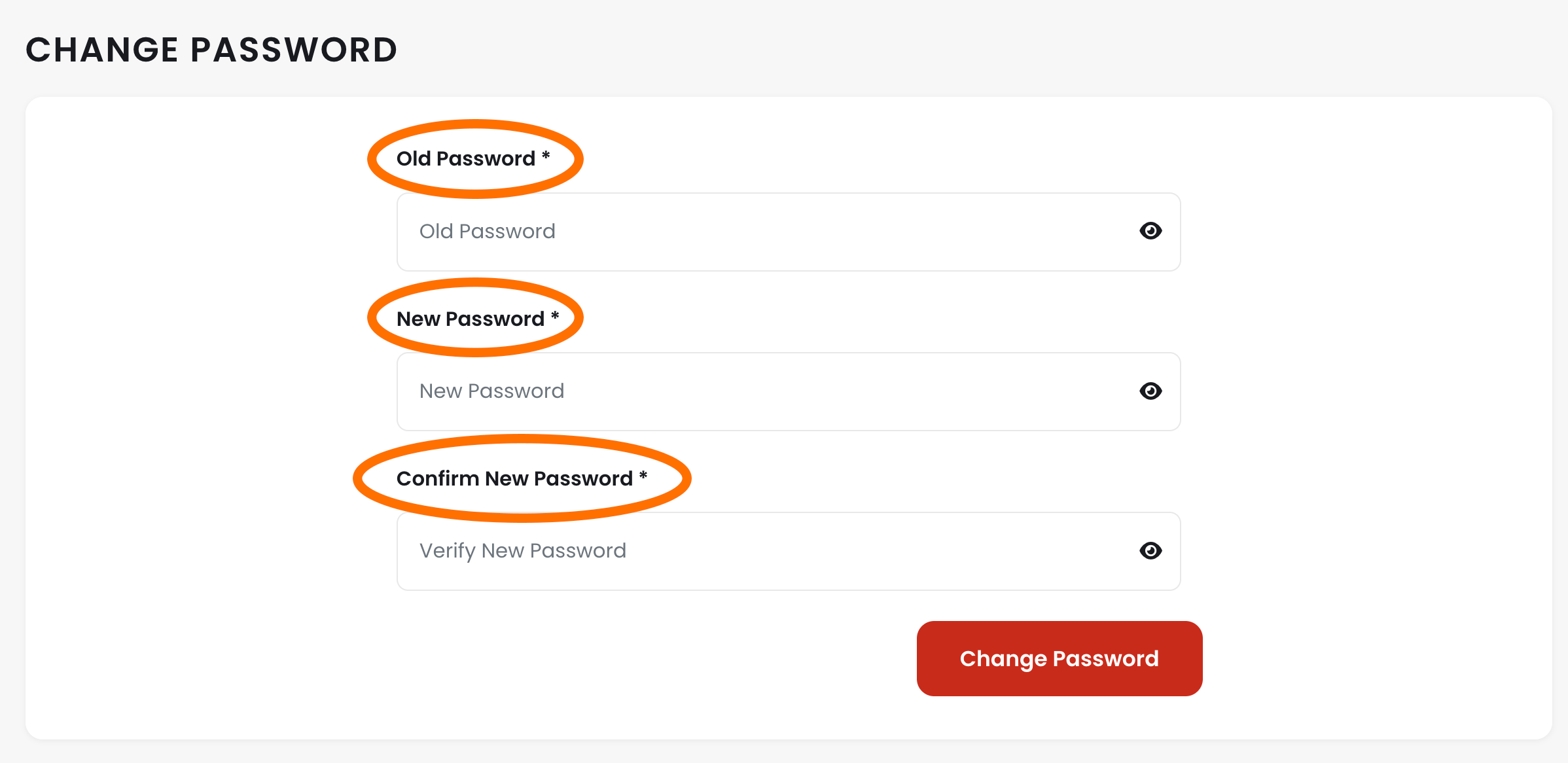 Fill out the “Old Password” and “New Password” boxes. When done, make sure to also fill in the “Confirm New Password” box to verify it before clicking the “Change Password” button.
...
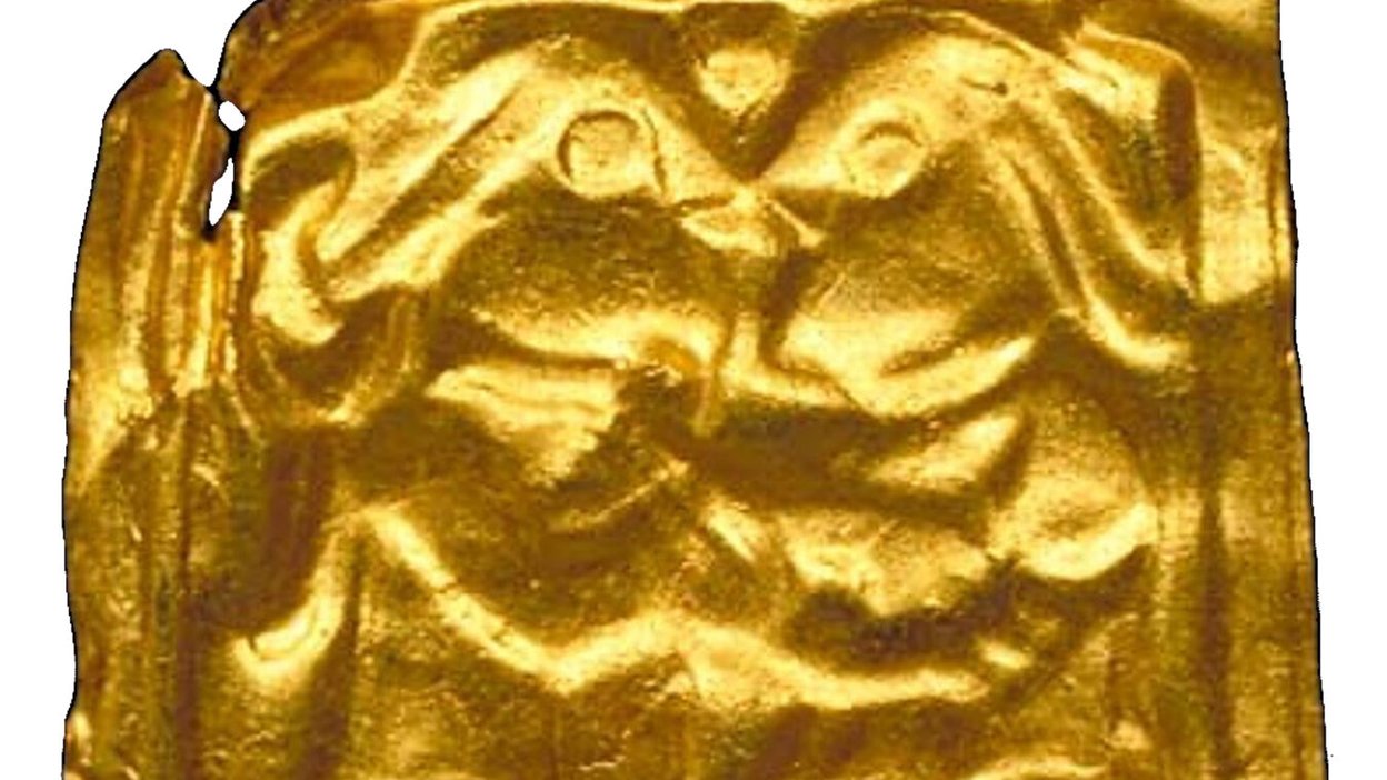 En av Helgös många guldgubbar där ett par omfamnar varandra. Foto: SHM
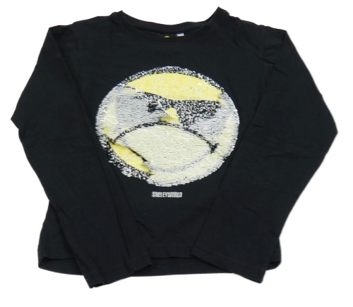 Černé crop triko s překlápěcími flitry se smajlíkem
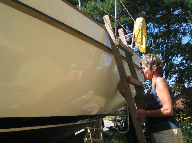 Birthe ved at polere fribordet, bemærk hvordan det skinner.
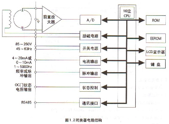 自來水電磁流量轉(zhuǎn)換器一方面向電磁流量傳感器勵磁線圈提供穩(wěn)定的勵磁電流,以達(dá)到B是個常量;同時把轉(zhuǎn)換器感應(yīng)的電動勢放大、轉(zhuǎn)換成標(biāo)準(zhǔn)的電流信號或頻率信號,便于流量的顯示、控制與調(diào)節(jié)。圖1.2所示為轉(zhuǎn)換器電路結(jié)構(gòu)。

WORK TO BE COMPLETED ::
Transcribe exactly the lines above, beginning at the one with "Černé crop triko" and going up to and including the one with "Birthe ved at". Pictures do not belong in the copy.

ANSWER SPACE ::
 Černé crop triko s překlápěcími flitry se smajlíkem
 Birthe ved at polere fribordet, bemærk hvordan det skinner.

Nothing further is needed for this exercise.